Model construction and performance evaluation
To take full advantage of the selected sequence and structural features, we created a sequence-based predictor PCTseq and a structure-based predictor PCTstr, both of which were RF-based models implemented using the scikit-learn package with 500 trees [50, 51]. The average value of the probability scores generated by these two predictors was adopted to disentangle cross-talk from negative pairs when the protein structure was provided. Otherwise, the probability score of PCTseq was used individually. We conducted 10-fold cross-validation (CV) on the five data sets used in this work. For each data set, the balanced positive and negative pairs were adopted. The samples were randomly partitioned into 10 subgroups, 9 of which were used for training and the remaining subgroup was used for testing. The 10-fold CV was repeated 100 times by resampling negative pairs and the average performance was reported. In addition to the above pair-based validation, we used protein-based validation, cross-talk subset assessment and independent testing to evaluate the robustness of our algorithm, in which the feature combination determined by the 10-fold CV on Seq-set and Str-set was consistently used. In this work, the Matthews correlation coefficient (MCC) and AUC were used as the primary measures. We also computed other metrics including recall, precision, F1-score and accuracy.
Results and discussion
Statistical analysis of residue pair-based features
We systemically compared the cross-talk and negative samples based on the residue pair-based properties. Compared to negative pairs, cross-talk pairs generally had smaller sequence distances (median: 6 versus 154 amino acids, P = 2.2e-59), structural distances (median: 10.8 Å versus 29.7 Å, P = 1.2e-16) and shortest path distances (median: 2 versus 5 steps, P = 1.3e-16). The co-localization analysis indicated that 69.3 and 16.9%, 34.6 and 20.6% and 19.7 and 0.04% of positive and negative samples were observed within the same disordered regions (P = 1.2e-84), protein domains (P = 4.8e-07) and protein pockets (P = 3.4e-09), respectively, showing that cross-talk sites were prone to being simultaneously located in functional regions. In Figure 2A, in agreement with their higher occurrences in disordered regions, cross-talk pairs achieved a greater fraction of coil–coil (CC) conformation, whereas negative pairs had higher fractions of coil–helix (CH) and coil–sheet (CE) conformations. This result suggested that the pairwise secondary structure state could be used as an indicator of cross-talk events.

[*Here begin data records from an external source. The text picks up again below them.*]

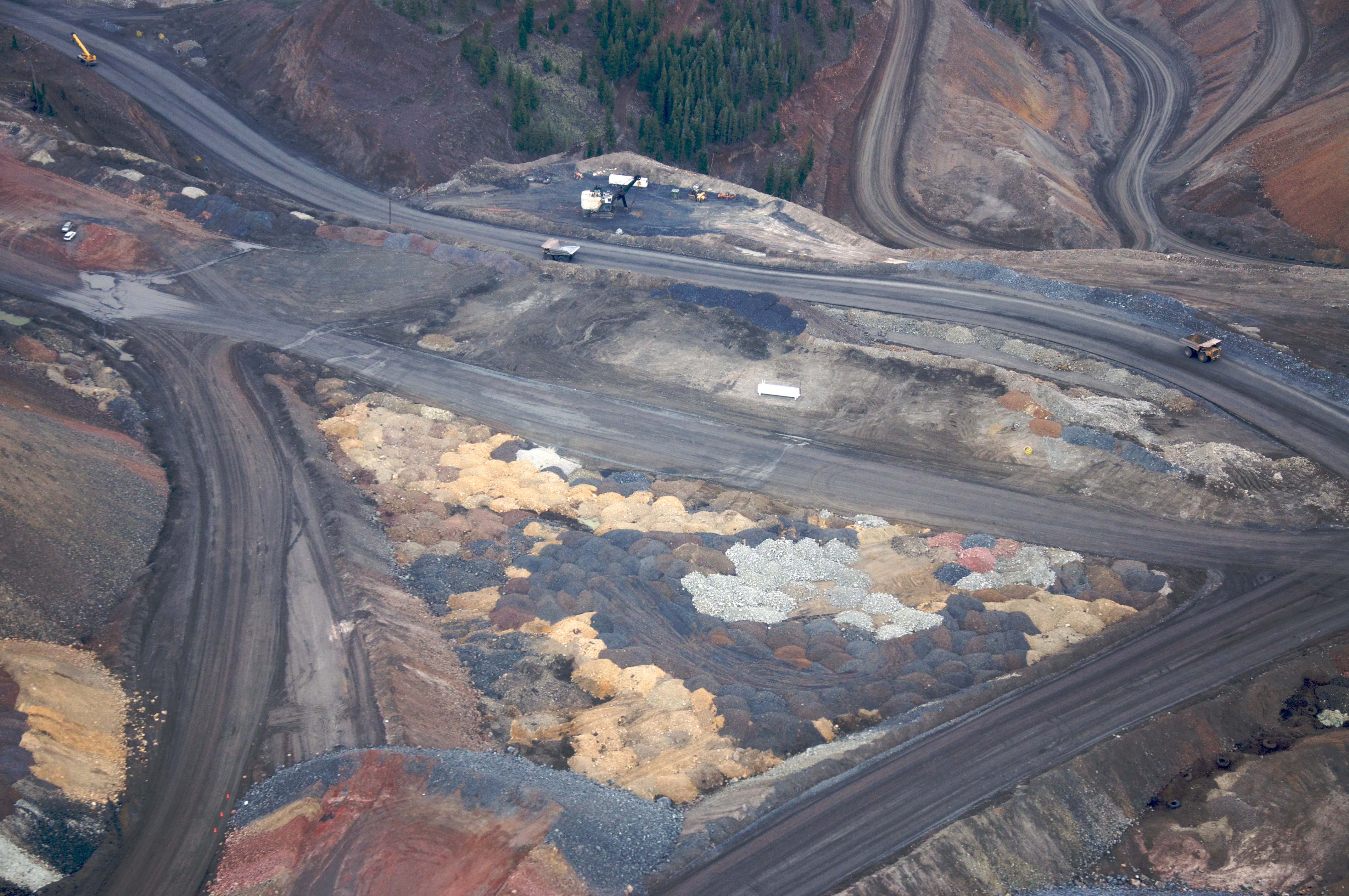 Aerial photograph of a large Molybdenum mine in Western US.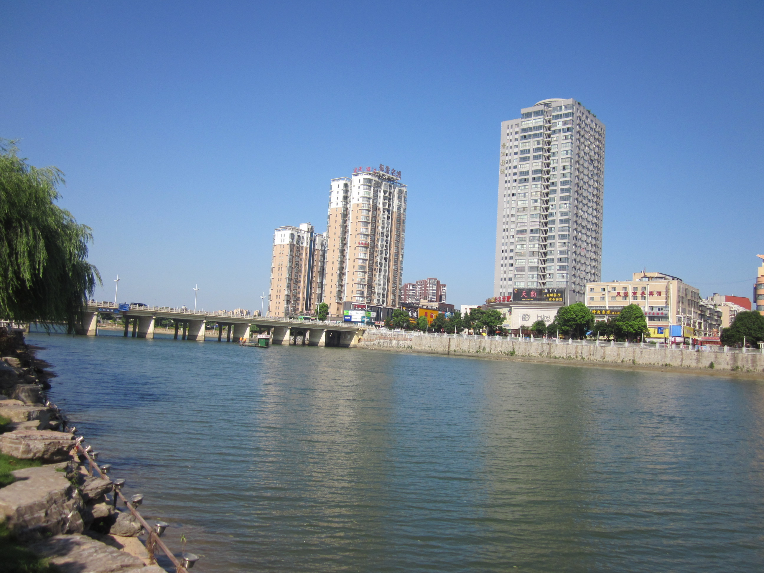 Wei River,Ning Xiang county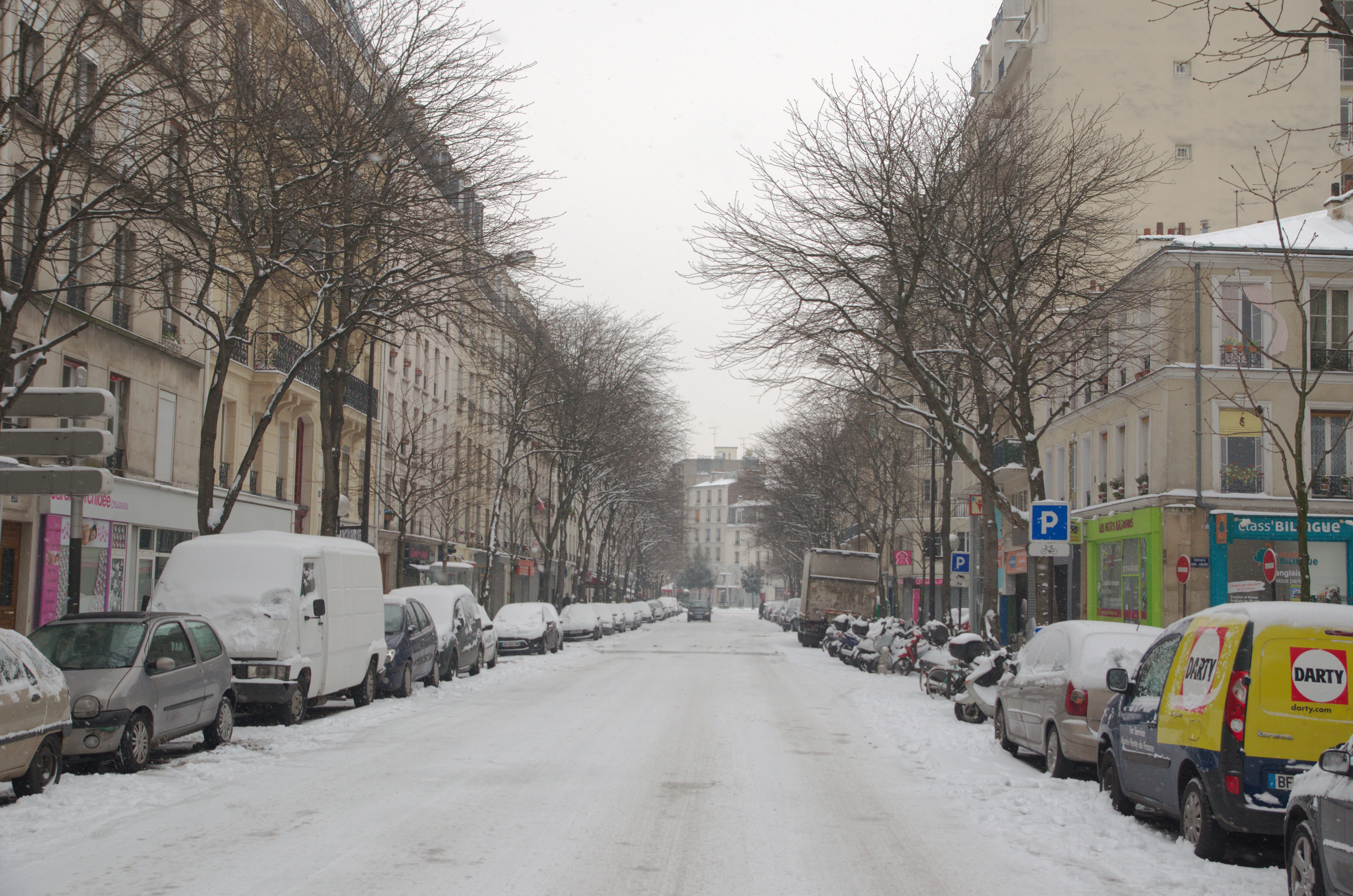 Paris, Crozatier street, covered by snow, january 20, 2013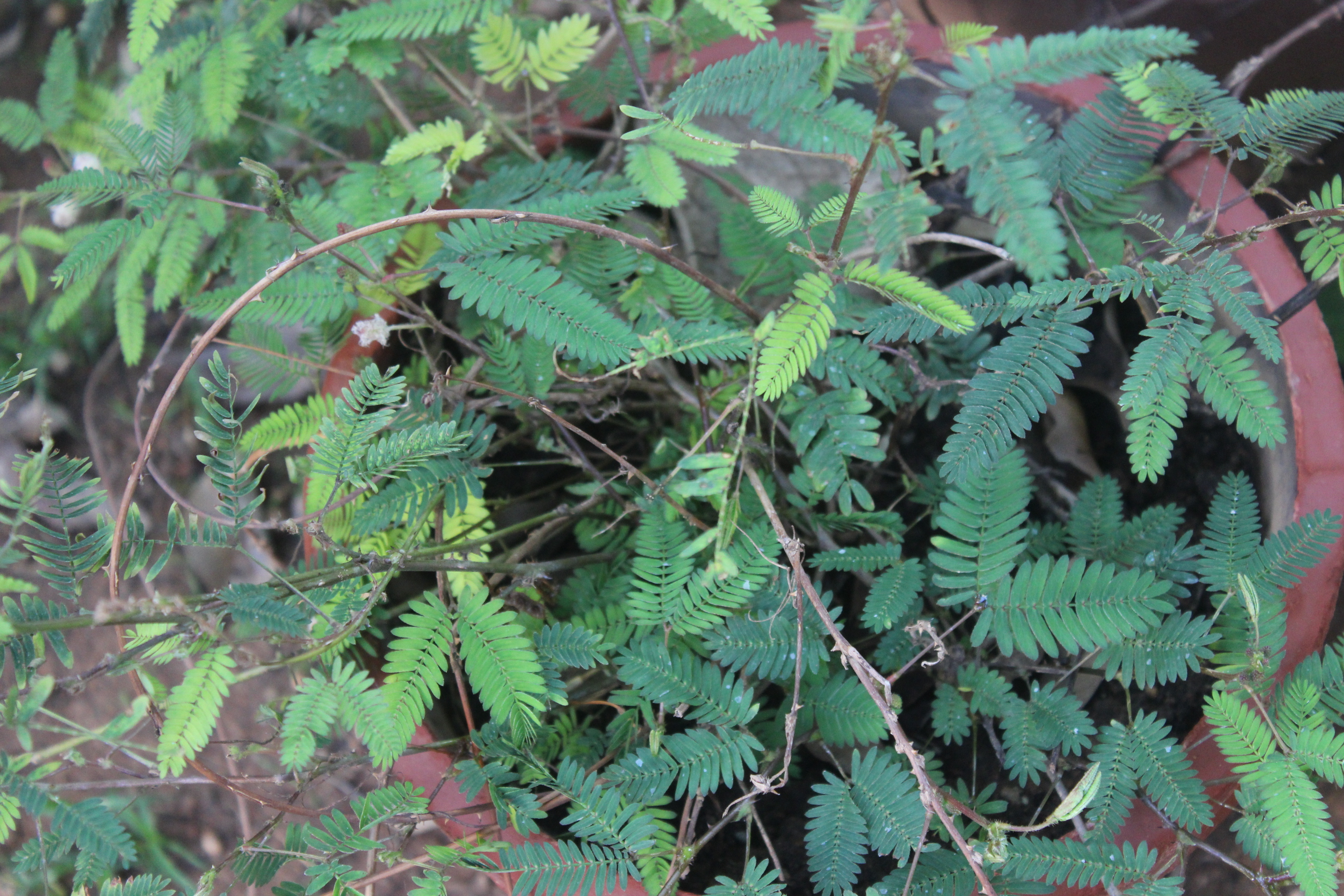 Muttidare muni

Comparison of the distributions of residue pair-based features between cross-talk (red) and negative (cyan) pairs. (A) Pairwise secondary structure state, (B) residue co-evolution and (C) correlated mutation. P-values are provided in each figure.
In this work, the DCA algorithm was used to measure the co-evolution of residues [30]. In Figure 2B, cross-talk pairs displayed higher co-evolutionary strength than negative pairs. Supplementary Figure S2A–C shows that the distribution discrepancy of the DCA-based score (P = 2e-32) was more significant than those of the conventional MI-based score (P = 1.9e-12) and normalized MI score (P = 1.7e-24). Supplementary Figure S2D displays that the direct information was more useful for identifying co-regulatory PTM pairs than the other two co-evolutionary features. Additionally, we used correlated mutation to reflect the covariation pattern between paired PTM sites. Figure 2C displays that both target residues involved in cross-talk tended to simultaneously appear in the homologous sequences, whereas those in negative pairs were easily mutated. A higher co-occurrence frequency of paired sites suggested their stronger functional association.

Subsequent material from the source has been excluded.